‘But what of the books?’ Marcella asked quietly.
Santo had a solushon, o course. He tookt my shoulder and sayed, ‘Gianni, we shall take them to church, each member of the household carrying a book in his or her arms, gently and kindly. And we shall have a mass said for their mutilated bodies, and set their souls free. And then we shall take the books to the new cemetery island that Napoleon made at San Michele, and we shall bury each book decently in the earth.’
Marcella lookt at him with pride n love, and he give her then the most oxorious kissing that can be had in the Old World or the New.
Minguillo Fasan
So they have finished me off.The phlegm’s ruttling in my pipes like waves shivering over stones and I’ll ever after be cursed with vegetarian whores who’ll not eat my meat at any price because of my Small-Pox pits and missing digits. I am the flayed man of whom nothing remains but a wound all over.
And I’ll never more see my Palazzo Espagnol – that I can also put on their account. How could I expose my fingerless, fortuneless self to the ridicule of the Venetians?
Valparaiso is my home now.
The loss of my fingers was actually perpetrated by the artist Cecilia Cornaro.
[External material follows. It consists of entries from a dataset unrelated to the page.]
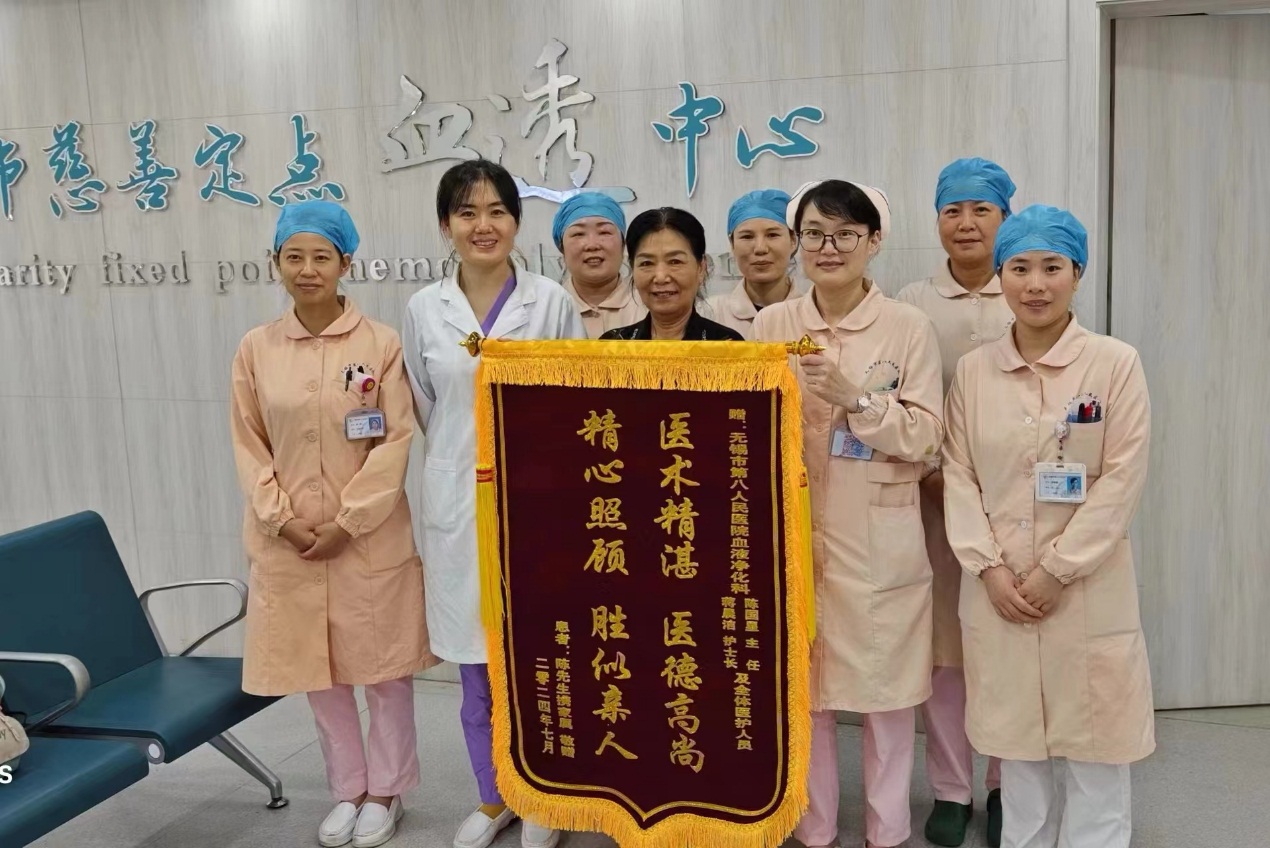 7月中旬,慈善血透中心发生了温馨的一幕,一位血液透析患者将绣有“医术精明 医德高尚 精心照顾 胜似亲人”字样的一面锦旗送至慈善血透中心护士长蒋晨洁手中,以表达对血透中心全体医护的感激之情。
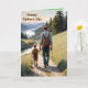 Image and ai assisted and finished in Adobe Photoshop. Young father and small son walking the trail to a favourite fishing spot. Watercolor art. Customisable text, Change inside text to express your own thoughts. Downloadable e card. Personalised
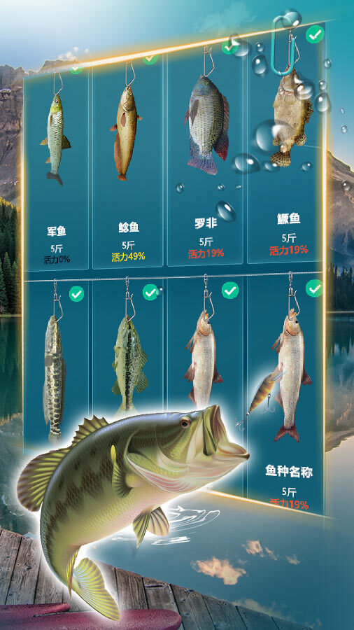 无论是鱼类的品质,还是山水的景色,都彰显出游戏的真实感。在游戏进程中,通过操作鱼饵的释放能够提高钓到稀有鱼种的概率,当鱼咬饵时就可以收线了。
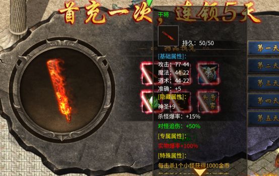 首冲活动6元就能连续领取5天的奖励,首冲武器最高可以打50元的充值,打野怪获得真充奖励,前期一个很好的过渡,性价比拉满了!
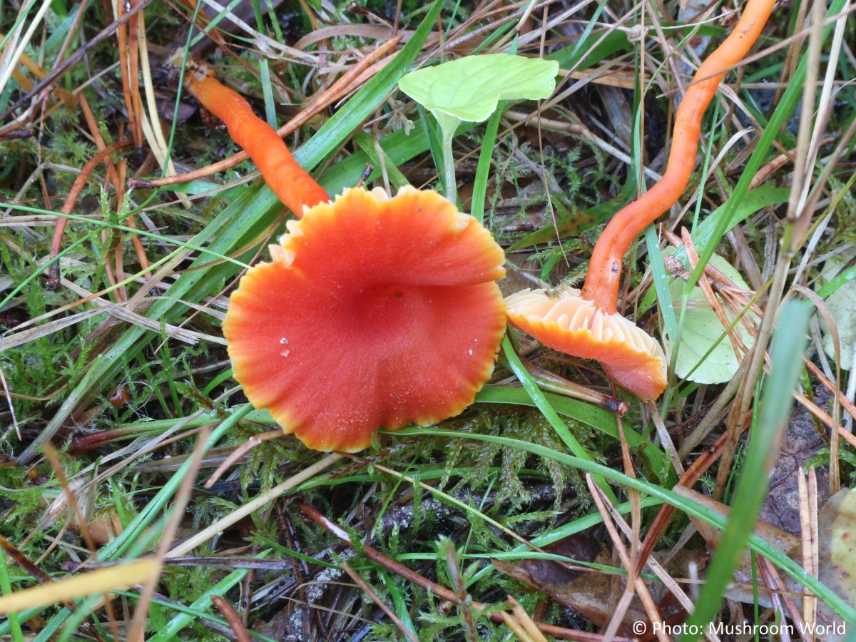 Cap small, convex to flat and sometimes shallowly funnel-shaped with age, often finely scaly or fibrillose rather than smooth. It ranges in colour from reddish-orange to orange-red, fading paler towards the margin, which may become crenate with maturity. The surface is dry or slightly tacky but never slimy, and the flesh is thin, firm, and yellowish to orangish. Gills distinctly decurrent, rather thick and waxy, spaced moderately to widely, and pale yellow to yellow, sometimes deepening in colour with age. Stem slender, cylindrical, and dry, occasionally silkily fibrillose, coloured orange to reddish-orange and usually paler towards the base. It lacks a ring and is solid or slightly hollow in mature specimens. Spore print white.
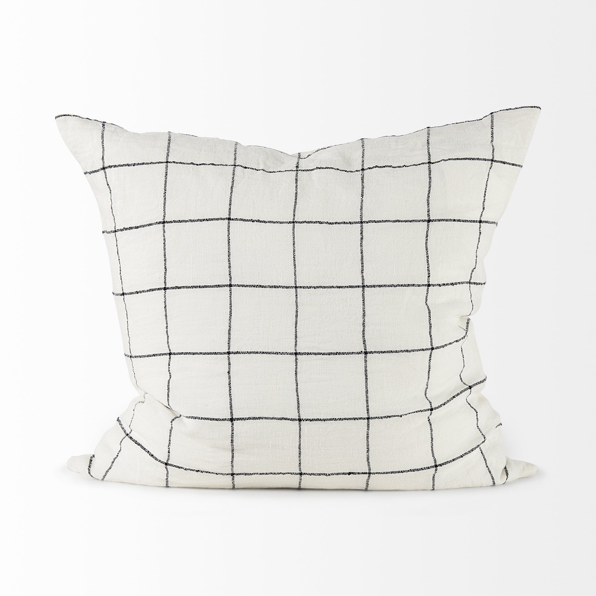 With this White and Black Grid Square Accent Pillow Cover you can add the perfect finishing touch to your couch. This cushion cover is made highly durable and soft material that provide comfort beyond measure. The design on the cushion features a square design set on a white background with black details. The back has a zip closure that ensures your cushion stays in there securely. The neutral color palette will look great on top of any couch, bed or chair you have and go with any interior style you have in your home. 22" H x 22" W x 1" D
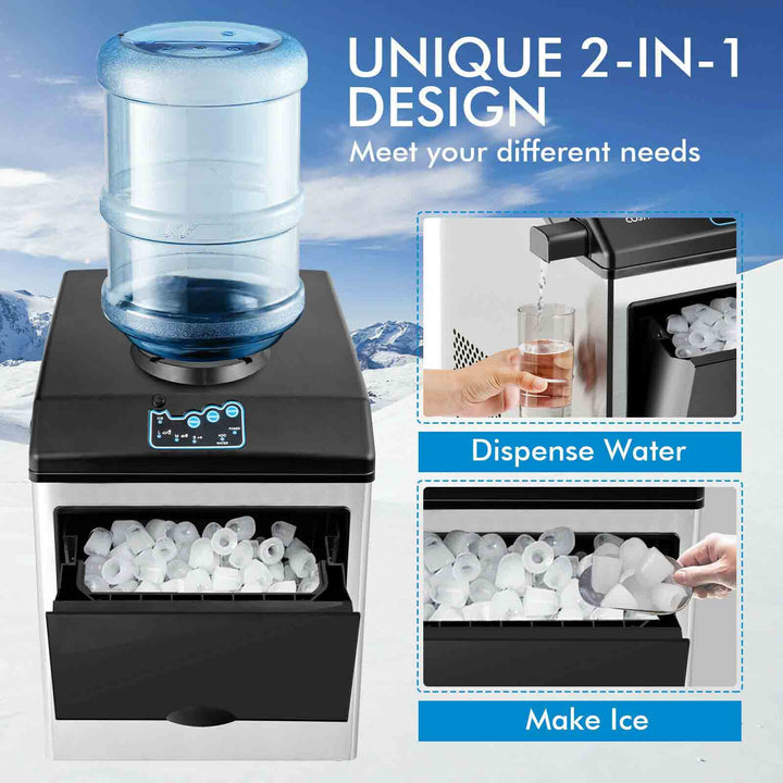 2-in-1 Stainless Steel Countertop Ice Maker with Water Dispenser
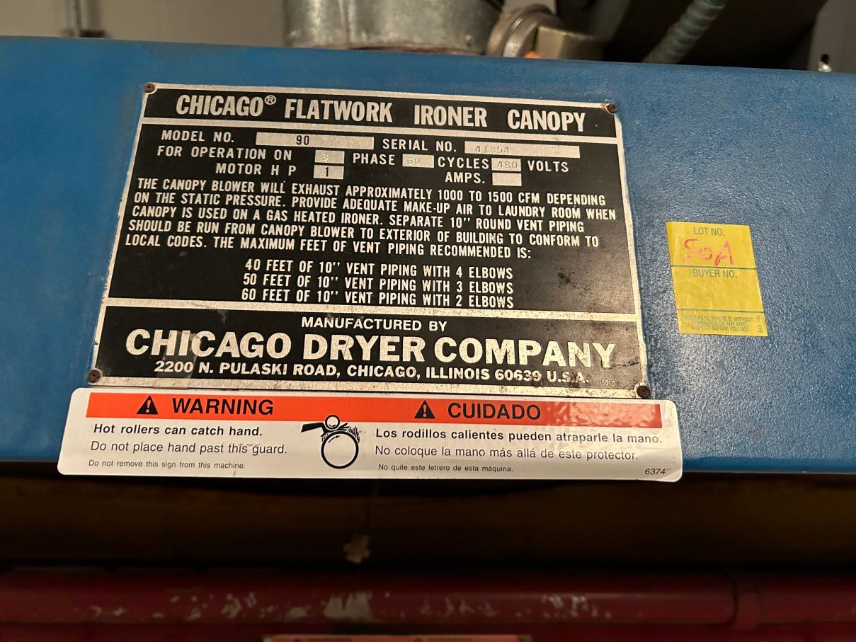 Lot 50a Chicago 90 Flatwork Ironer Canopy - S # 41854
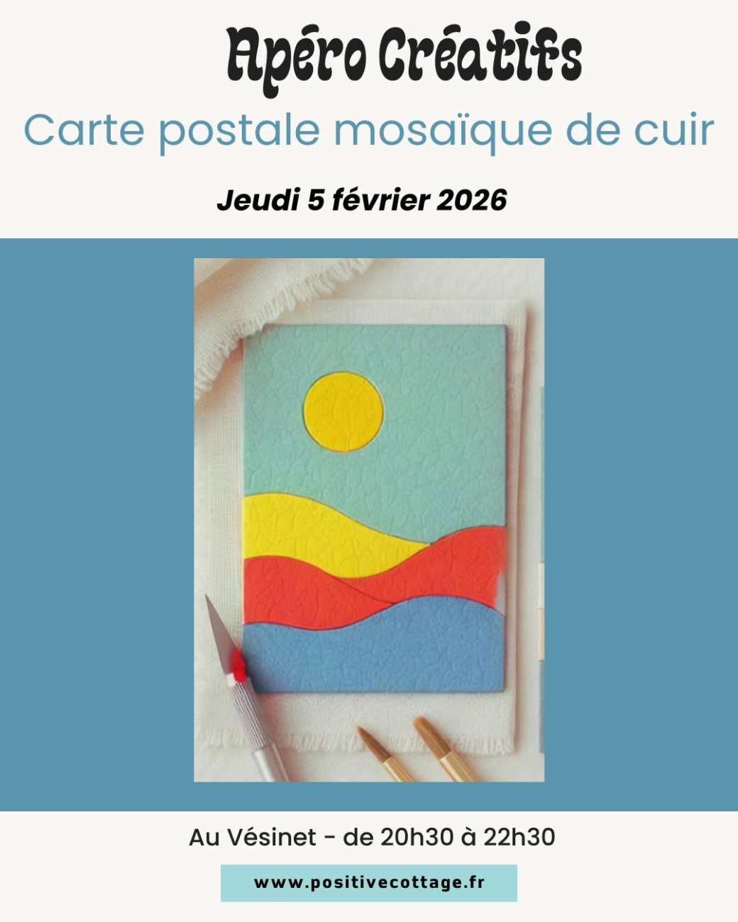 2026-02-05 20:30:002026-02-05 22:30:00Europe/Paris5/02/26 - carte postale mosaïque de cuirReservations on : https://www.billetweb.fr/5-02-26-carte-postale-mosaique-de-cuir
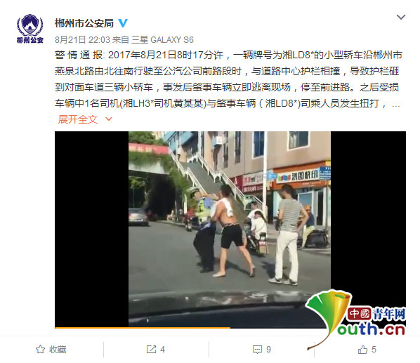 通報(bào)中披露了此事的更多細(xì)節(jié):2017年8月21日8時(shí)17分許,一輛牌號(hào)為湘LD8*的小型轎車沿郴州市燕泉北路由北往南行駛至公汽公司前路段時(shí),與道路中心護(hù)欄相撞,導(dǎo)致護(hù)欄砸到對(duì)面車道三輛小轎車,事發(fā)后肇事車輛立即逃離現(xiàn)場,停至前進(jìn)路。
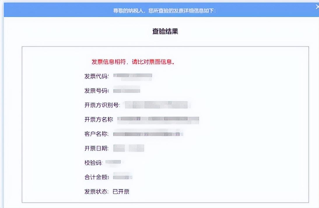 纳税人输入的发票查验信息与税务机关电子信息一致,可显示出相关发票明细。
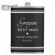 Best Man Custom Personalised Name Wedding Party Flask features the Best Man's name with the bridal couple's names and wedding date accented with a small love heart. Custom made for the Best Man. Designed by ©2024 Evco Studio www.zazzle.com/store/evcostudio
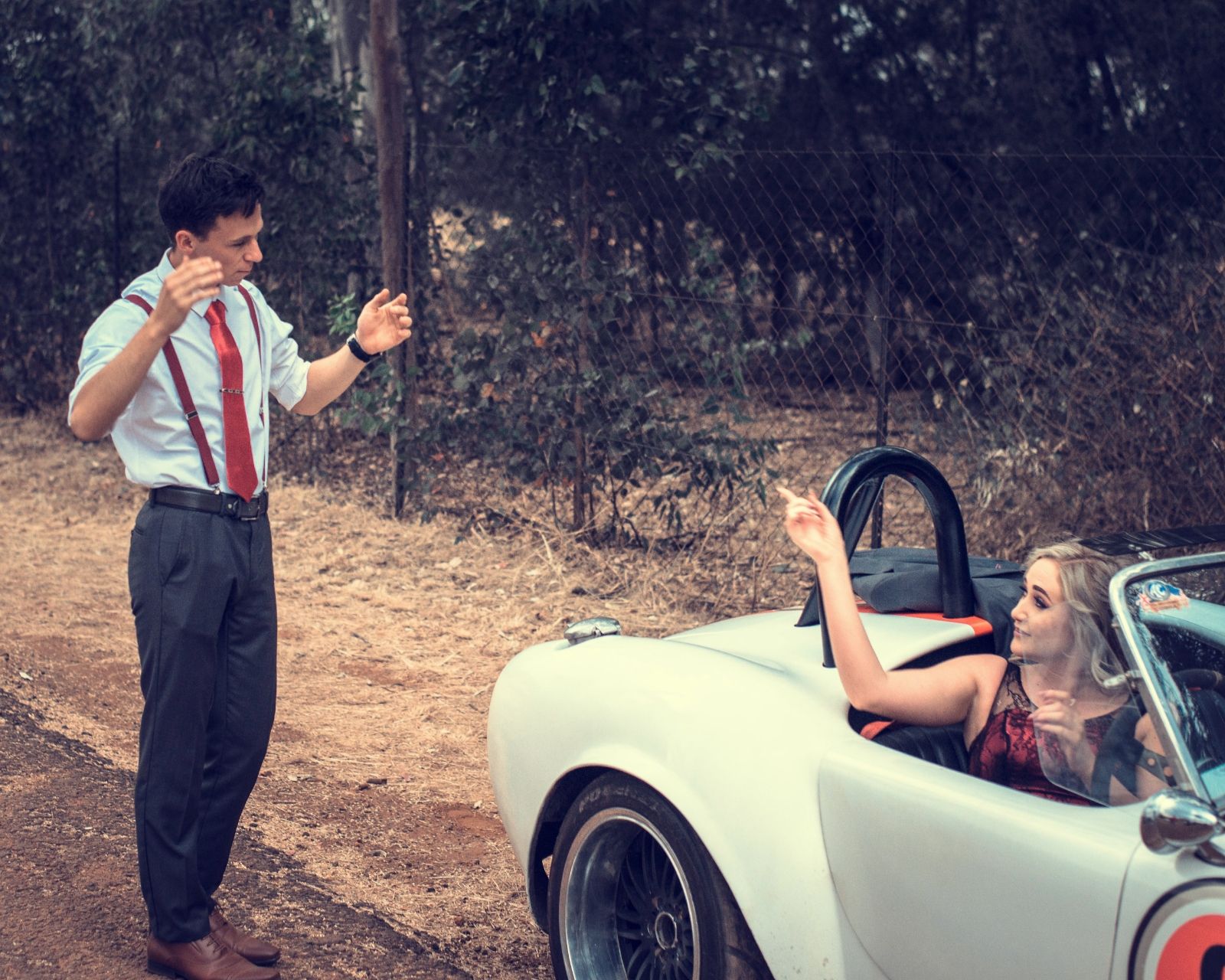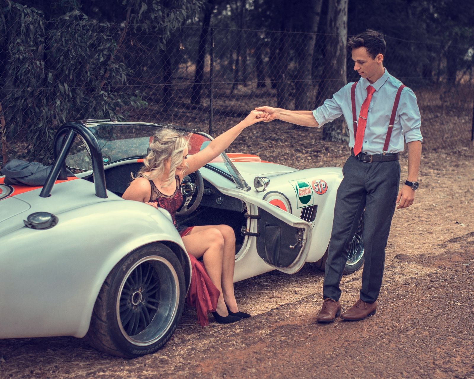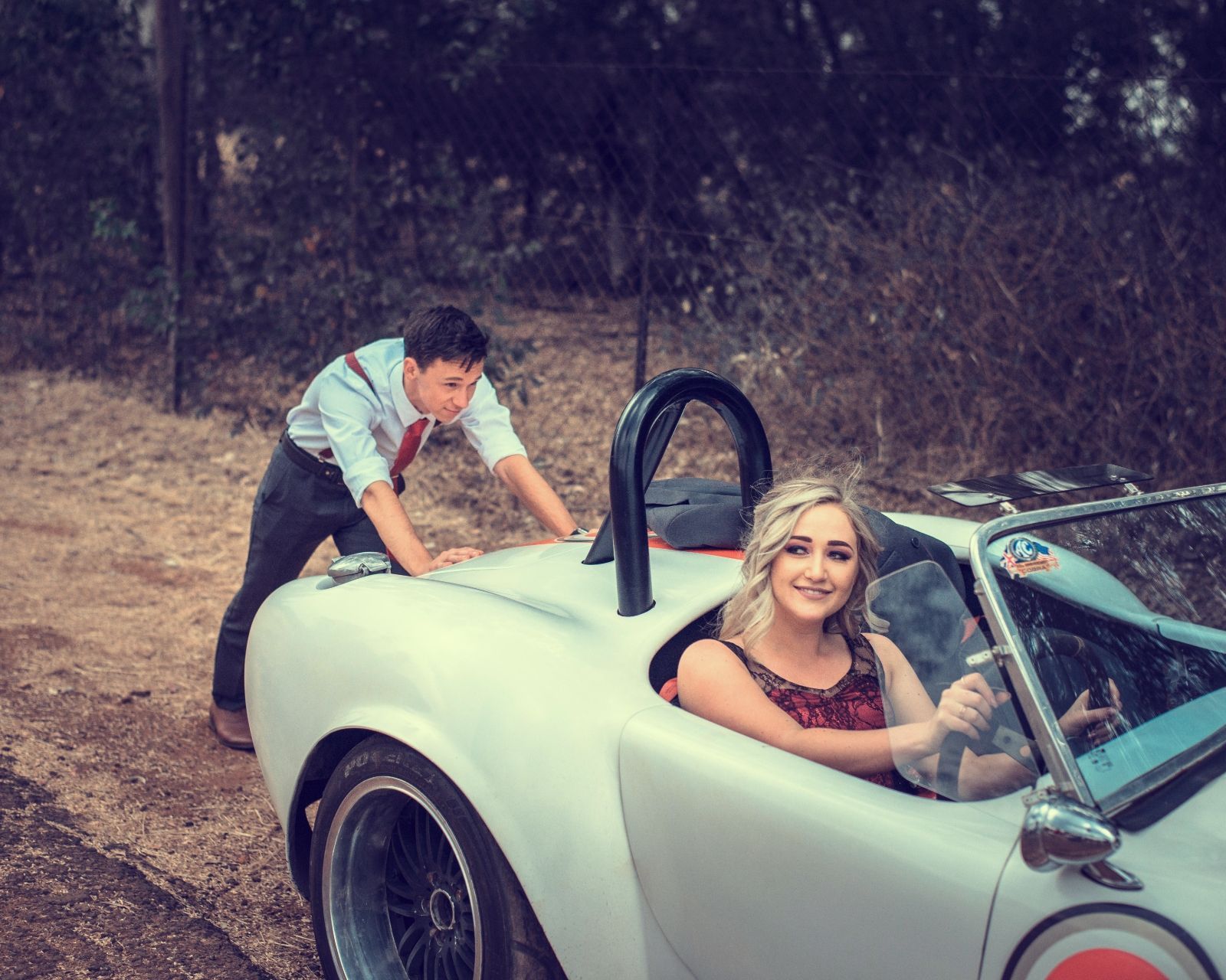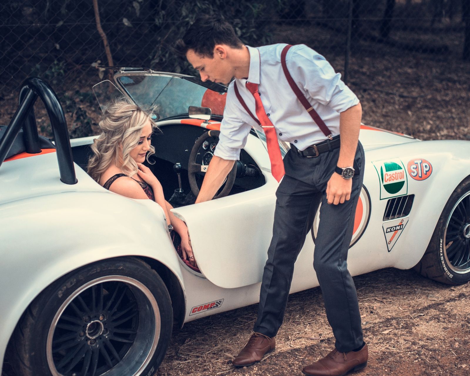 This beautiful couple in love cannot imagine life without adventure and their beloved retro sports car. Amazing people, true feelings and really gorgeous car.

I can almost respect your woman for the symmetry of her revenge. The portrait painter has painted my face irretrievably pitted, and more. I had burned her art and disfigured her own hand, as the Retentive Reader will remember.An eye for an eye, or rather eight fingers for two fingers, though perhaps, the surgeon tells me, it may not stop there. For today there’s a blackening at the base of my one remaining thumb.Without it, how shall I address my perpetual itches? My new itches and the old itches of a man who has lived his skin to its limit.The brute batterings of the stubs of my arms shall not suffice for relief.And as for turning pages of beloved books, I shall be resorting to tongue and teeth.
I’m told, as the Reader has no doubt heard, that Cecilia Cornaro acted alone.
Does the Reader think me simple?
Who taught the artist the art of epistolary murder by Small-Pox scab?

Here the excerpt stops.